The lines from the one with "a random order." through the last line of the material below, copied exactly and free of pictures, make up the whole answer.
================================
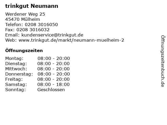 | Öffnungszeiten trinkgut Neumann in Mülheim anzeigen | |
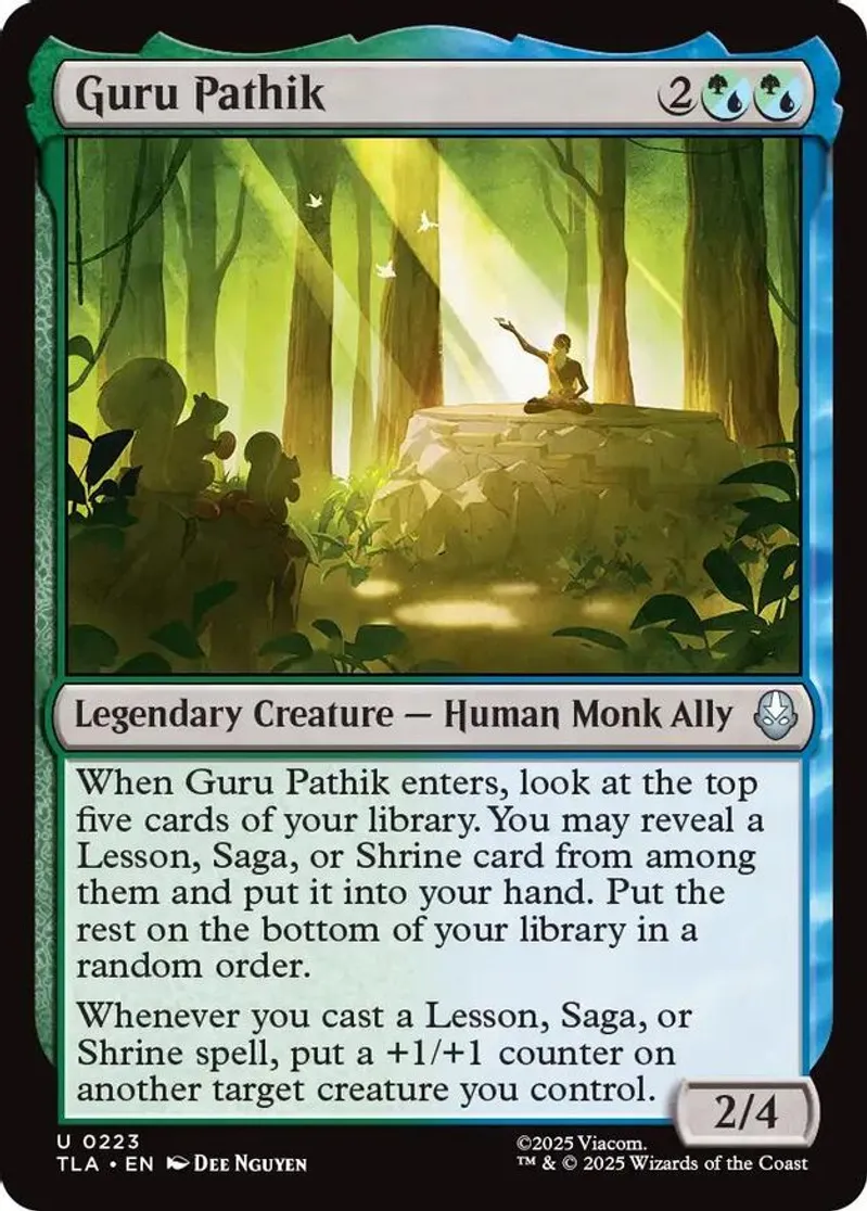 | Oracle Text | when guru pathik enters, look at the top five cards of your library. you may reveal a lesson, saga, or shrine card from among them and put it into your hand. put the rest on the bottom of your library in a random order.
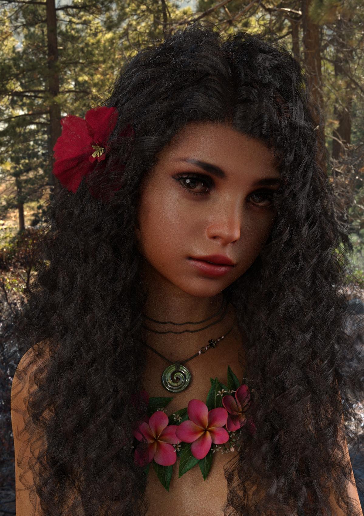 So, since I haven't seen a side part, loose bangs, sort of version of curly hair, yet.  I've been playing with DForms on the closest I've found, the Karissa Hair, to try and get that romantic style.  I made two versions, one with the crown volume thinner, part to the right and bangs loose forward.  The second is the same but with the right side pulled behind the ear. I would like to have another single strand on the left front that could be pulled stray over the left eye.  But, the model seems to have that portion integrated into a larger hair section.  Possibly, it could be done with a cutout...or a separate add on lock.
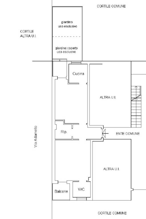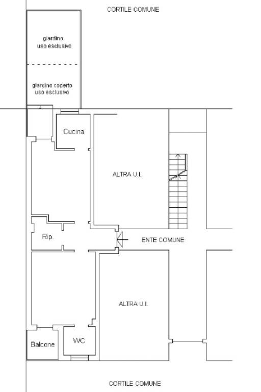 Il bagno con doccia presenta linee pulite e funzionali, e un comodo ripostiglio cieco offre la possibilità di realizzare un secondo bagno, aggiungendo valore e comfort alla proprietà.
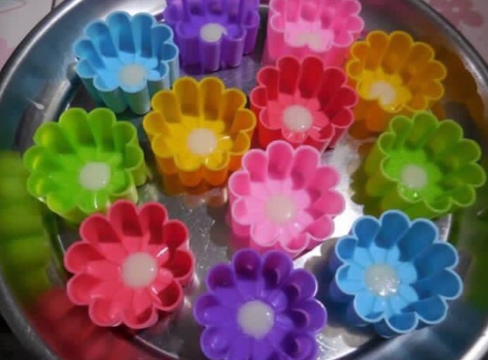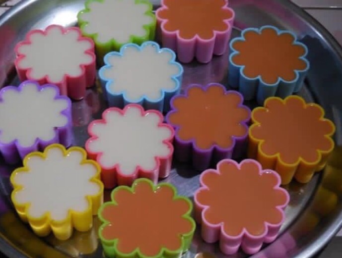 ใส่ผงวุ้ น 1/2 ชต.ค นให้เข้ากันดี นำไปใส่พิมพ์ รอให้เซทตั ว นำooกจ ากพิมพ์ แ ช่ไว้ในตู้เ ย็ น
================================
▶ [ANSWER BOX]:
 | Oracle Text | when guru pathik enters, look at the top five cards of your library. you may reveal a lesson, saga, or shrine card from among them and put it into your hand. put the rest on the bottom of your library in a random order.
 So, since I haven't seen a side part, loose bangs, sort of version of curly hair, yet.  I've been playing with DForms on the closest I've found, the Karissa Hair, to try and get that romantic style.  I made two versions, one with the crown volume thinner, part to the right and bangs loose forward.  The second is the same but with the right side pulled behind the ear. I would like to have another single strand on the left front that could be pulled stray over the left eye.  But, the model seems to have that portion integrated into a larger hair section.  Possibly, it could be done with a cutout...or a separate add on lock.
 Il bagno con doccia presenta linee pulite e funzionali, e un comodo ripostiglio cieco offre la possibilità di realizzare un secondo bagno, aggiungendo valore e comfort alla proprietà.
 ใส่ผงวุ้ น 1/2 ชต.ค นให้เข้ากันดี นำไปใส่พิมพ์ รอให้เซทตั ว นำooกจ ากพิมพ์ แ ช่ไว้ในตู้เ ย็ น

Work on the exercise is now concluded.